While school meals are provided by the governments of most high and middle-income countries around the globe, the children who may benefit most from school feeding programs are in low-income countries that do not have government-provided school meals. School feeding in low-income countries often starts through funding by international organizations such as the United Nations World Food Programme or the World Bank or national governments through programs such as the McGovern-Dole International Food for Education and Child Nutrition Program. However, some governments have first started school-feeding programs and then requested the help of these organizations and programs. Additionally, many countries have “graduated” from their dependency on foreign assistance by reshaping their school feeding programs to be country-led and self-supported.[2]
While there are school feeding programs in a number of countries, each program varies widely from country to country in design, implementation, and evaluation. Thus, literature reviews and studies often focus on a small number of countries, as school feeding is not a uniform unit of intervention and cannot be compared or assessed on an international scale.
Need for school feeding programs
According to the United Nations World Food Programme, 66 million primary school age children go hungry every day, with 23 million hungry children in Africa alone.[3] Furthermore, 80% of these 66 million children are concentrated within just 20 countries. Additionally, 75 million school-age children (55% of them girls) do not attend school, with 47% of them living in sub-Saharan Africa.[4] Thus, the need to reduce hunger while increasing school enrollment in these children is evident, and school feeding programs have been developed to target this multifaceted problem.
Schools have become a natural and convenient setting for the implementation of health and education interventions. School feeding is just one facet of school health initiatives, as other programs may include de-worming, HIV/AIDS prevention and education, and life and health skills education. Overall, school feeding programs have been shown to directly increase the educational and nutritional status of recipient children, and indirectly impact the economic and social lives of themselves and their family. Additionally, school feeding directly addresses the Millennium Development Goals (MDGs) of reducing hunger by one-half, achieving universal primary education, and achieving gender parity in education by 2015.[5]
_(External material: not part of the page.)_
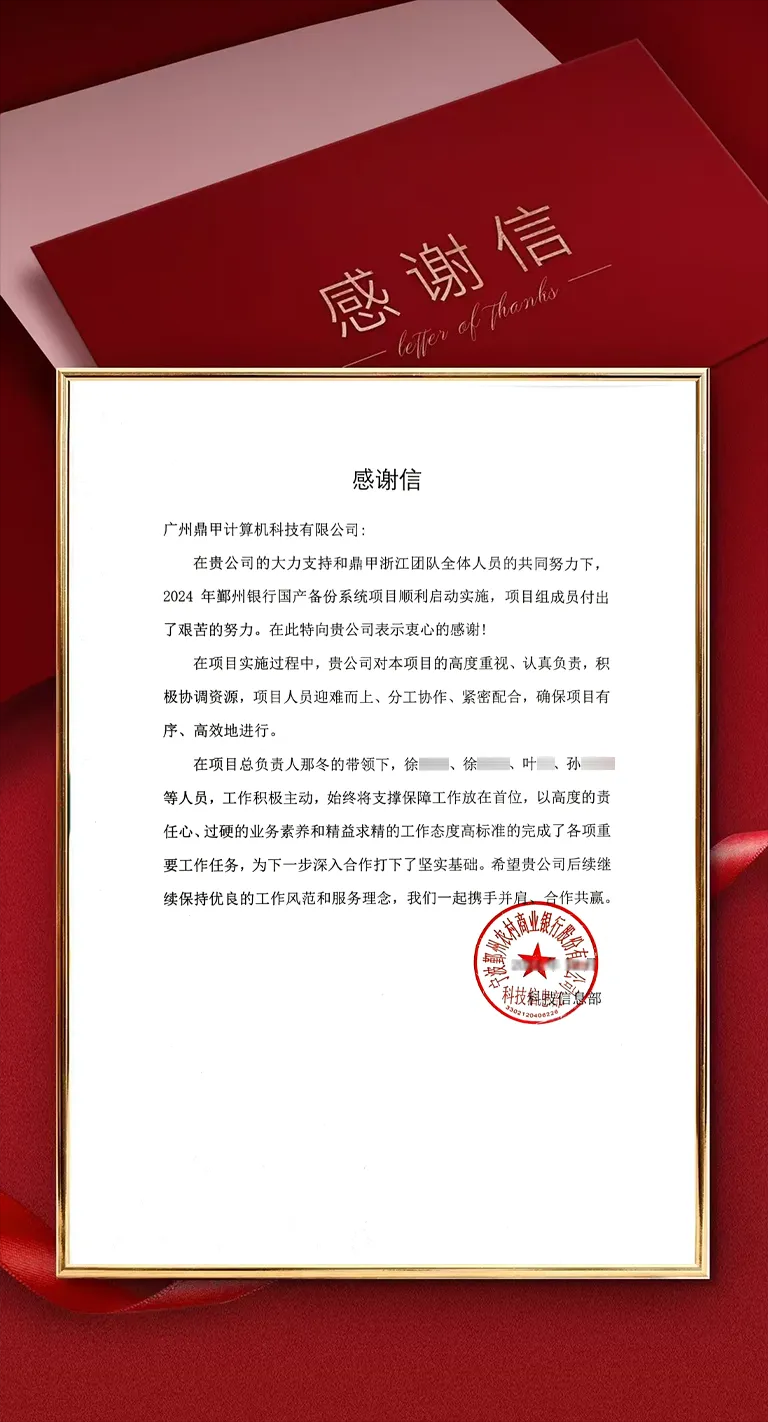 此次兩封感謝信不僅是對鼎甲專業能力和服務水平的高度認可,更是鼎甲深耕金融行業、助力國產化替代戰略的有力印證。

Types of school feeding programs
There are two main ways to distribute food through school feeding programs: on-site meals and take-home rations.[3] On-site meals are foods that are distributed to children while at school during morning and afternoon meal and snack times, which may include a bowl of porridge or nutrient-fortified crackers. Take-home rations are a collection of basic food items, such as a bag of rice and a bottle of cooking oil, which may be sent home and transferred to the families of girls that regularly attend school.[3]
While the food items needed for school feeding programs may be imported into the country from anywhere throughout the world, an increasing number of countries and organizations are looking to expand what is called “home-grown school feeding,” which requires that provided food is produced and purchased within a country to the greatest extent possible. These programs provide an opportunity for children to receive improved nutrition and educational opportunities while also allowing smallholder farmers to benefit from access to a market with stable, structured, and predictable demand.[6][7] The New Partnership for Africa’s Development (NEPAD) guided governments in Sub-Saharan Africa to include home-grown school feeding as a critical intervention for the food security facet of the Comprehensive Africa Agriculture Development Programme (CAADP). Several countries, including Côte d'Ivoire, Ghana, Kenya, Mali and Nigeria are currently taking part in home-grown school feeding programs.[8]
Approaches to school feeding
Country involvement in school feeding programs
According to the International Food Policy Research Institute, there are five stages of school feeding. The first stage includes school feeding programs that rely mostly on external funding and implementation, while the last stage includes school feeding programs that rely mostly on internal government funding and implementation.[9] Countries that are within the first stage include Afghanistan and Sudan, where country governments are unable to lead school feeding programs. Countries that are within the fifth stage include Chile and India, which have functional, country-led school feeding programs. For example, the Government of Chile has provided a school feeding program for over 40 years through the La Junta Nacional de Auxilio Escolar y Becas (National Board of School Assistance and Scholarships) through a public-private partnership.[10] This program involves technology that allows food to be centrally mass-produced and then distributed across the country. Additionally, the Government of India has supported school feeding programs since 2001, when the country recognized Indians’ Constitutional Right to Food.[10] Countries that are in the middle of the stages, such as Kenya and Ecuador may have some but not all of the governmental policies, financial capacities, or institutional capacities to operate school feeding programs without external funding or implementation.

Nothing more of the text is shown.